I started out thinking I was going to make an adjacency diagram tool, that used graph representation to explore the topology of an architectural program. This sort of idea has been explored fairly thoroughly by Aedas R&D as well as by a BVN Usyd team. However, after some research and test implementation I changed my approach to treemapping, which drops adjacency in favor of nested grouping. The reasons behind this were based not only on an interpretation of the data at hand, but also on the relationship between diagrams and built work in architecture and a desire to make something that was not formally suggestive.

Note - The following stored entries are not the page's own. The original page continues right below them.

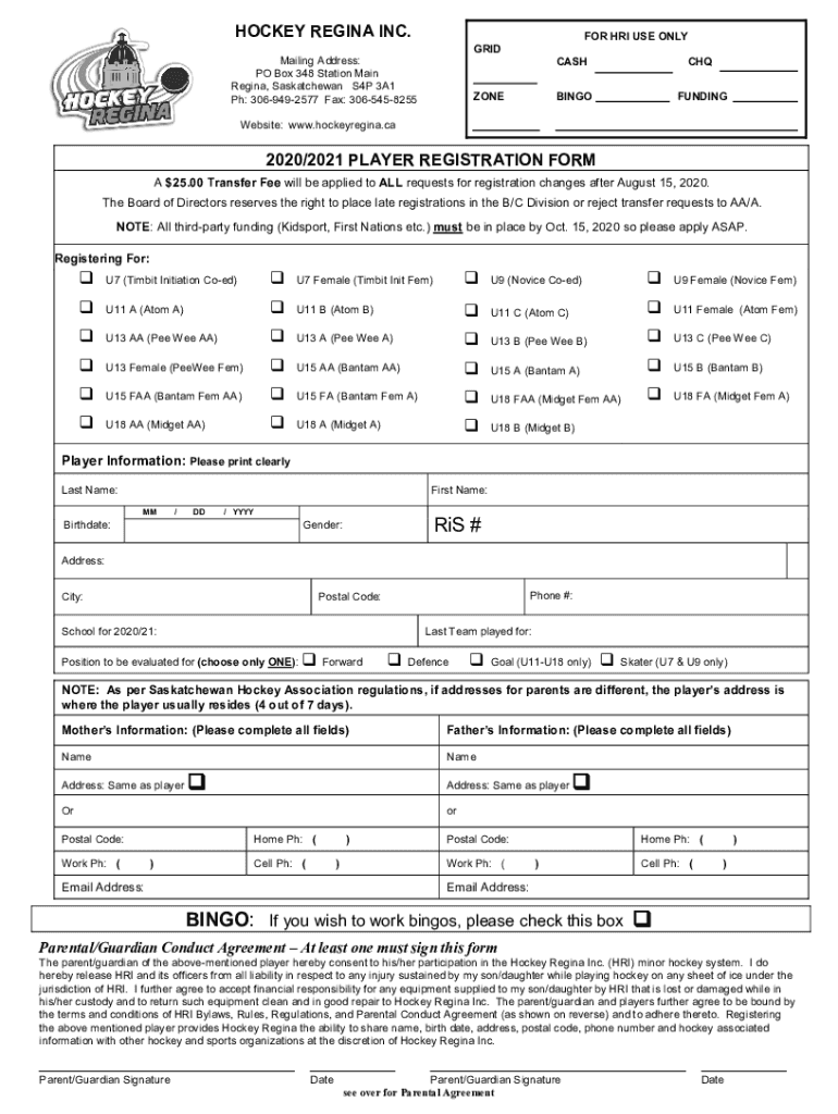 HOCKEY REGINA INC.FOR HRI USE ONLYGRIDMailing Address: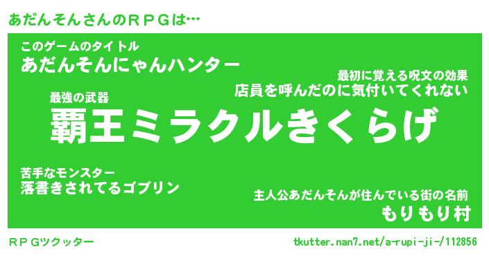 | ツイッター | あだんそんさんのツイッターID『namakemono_man』 |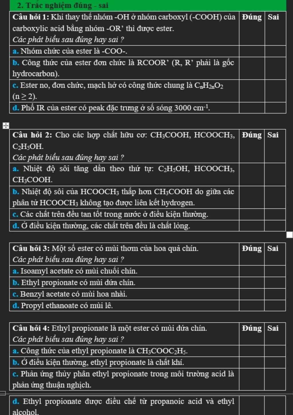 | Câu hỏi 1: Khi thay thế nhóm -OH ở nhóm carboxyl (-COOH) của | Đúng Sai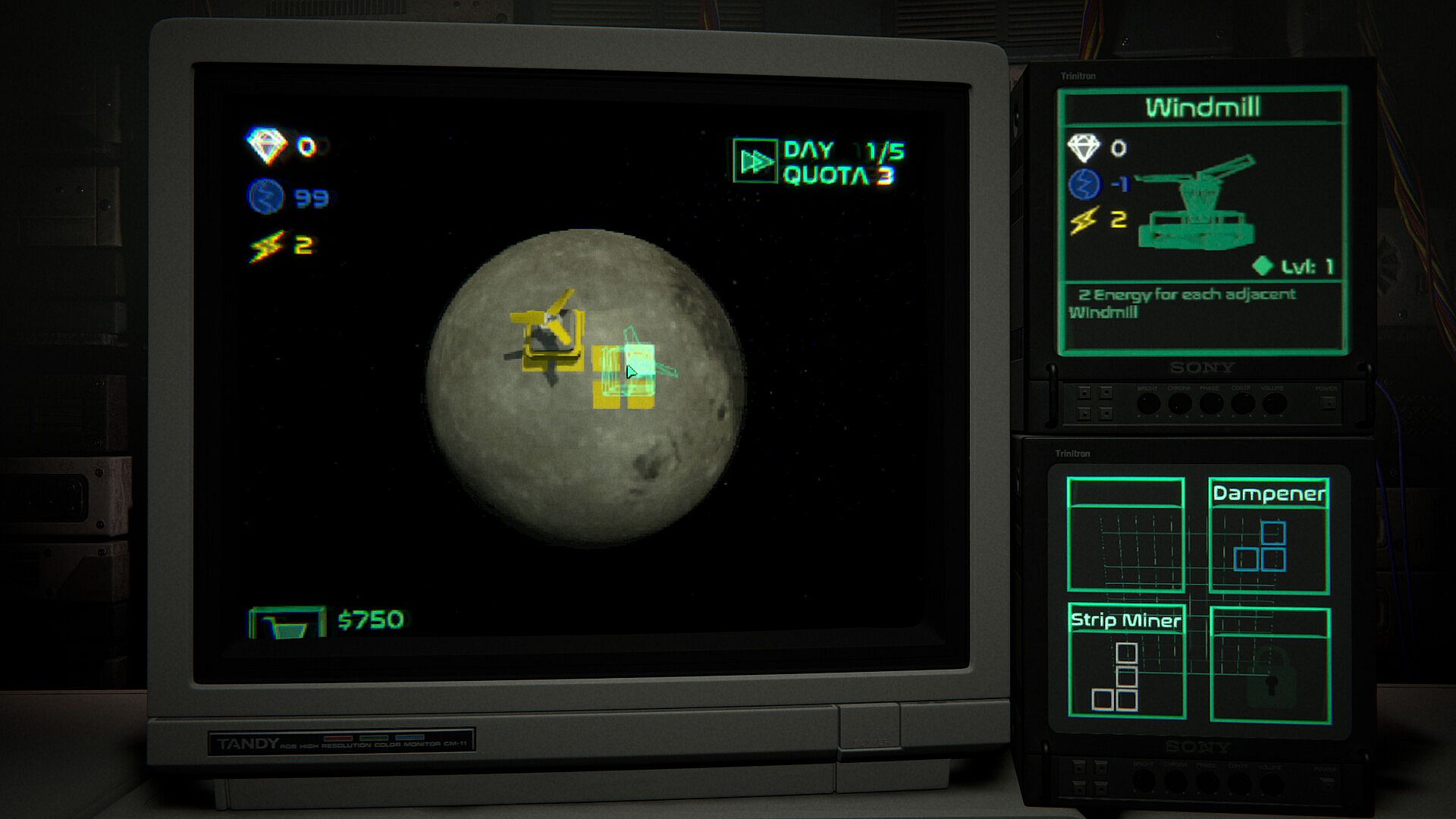 Slam down structures and watch your resource numbers rise or plummet. Every structure you drop can boost intake or push your rig to the brink of collapse. It’s all about fine tuning Energy and Stability to keep your rig operational and your moon in one piece.

Graph representation has at least a 50 year history computational design, with the initial apotheosis occurring in the mid 1970's at Cambridge University, in research labs aimed primarily at optimizing architecture for walking distances. This was part of a larger search for architectural problems that had objective solutions, to create a school of architecture that had a solid scientific basis. While the work done by the CU researchers was rigorous and interesting, ultimately walking distance faded as an area of research, partially because its optimal organizations often flew in the face of other architectural requirements (such as constructability) but also because the issue of adjacency was more easily solved through telephone and intercom systems. For a more in-depth exploration of this history, please read the "Fenland Tech" article by Sean Keller in the MIT press, or better yet his GSD thesis from a few years ago.
Compounding this historical warning flag was the fact that producing graph layouts of existing structures is actually a lossy, reductionist way of showing floor plan information - one early reviewer called the idea "idempotent." There is also some inherent flaws in the method, such as how to represent circulation space, particularly looped hallways. The topology of a building's room layout is invariably more complicated than a simple graph layout can really indicate, and usually some important detail is lost in the conversion. The BVN blog has a great post on the limitations of adjacency graphs.
I looked instead more closely at visualizing nonspatial data-- that is, the horrifically boring, overly detailed program requirement documents that get handed over to architects on pretty much any large scale project. I concentrated in particular on public school documentation, as they are inextricably linked to public policy and funding, and the building type is overdue for some re-imagination. On review, it became quickly clear that adjacency doesn't really play a strong part in program requirements, and where it is mentioned, relationships are unclear (adjacency can be defined by nearness, visibility, connectedness, etc). I chose instead to take advantage of the basic structure of the document - as a series of nested groups - and visualize this ownership hierarchy over some imagined or invented connectivity. Doing this also avoided a major pitfall of program visualization, which is that bubble diagrams or adjacency graphs can be too suggestive of a final form, leading to the architect "building the diagram." This method takes maximum advantage of the spatial encoding of data while being as neutral to the idea of a building's form as possible.
In the end, I'm not that enamored with the tool I've created, but the above insight makes the entire process worthwhile.

May 4th, 2011 - 02:38
Thanks for the link! It’s the first bit of external recognition that we’ve got, and we didn’t even need to pay for it!
This looks like interesting work, How are you constructing the adjacencies and nesting etc? I think that that end of things is a bit neglected, and it’s been on my todo list for eternity.
I’ve read a few of your other posts and it’s good stuff; keep it up!
Email me, I’d love to talk about a few things.
May 5th, 2011 - 09:33
Hi Ben,
You guys are doing great work (and I appreciate the heroic effort to deal with the Revit API). The choice of a tree organization was actually data driven – most big projects here in the US come with a program requirements document where the space requirements are organized outline style, which can be easily interpreted as a tree. Adjacency is based upon the order of listing in the document. I wanted to make a tool that didn’t suggest adjacencies that were not in the original document, to make it as neutral as possible. If you drill down into my project description on the applet page you’ll see some more info about this decision. In the end, adjacency seems more useful for evaluating spaces after initial arrangement, rather than as a generative metric in itself, as often unexpected adjacencies are central to interesting designs, and other concerns can easily override adjacency as the primary drive behind a design.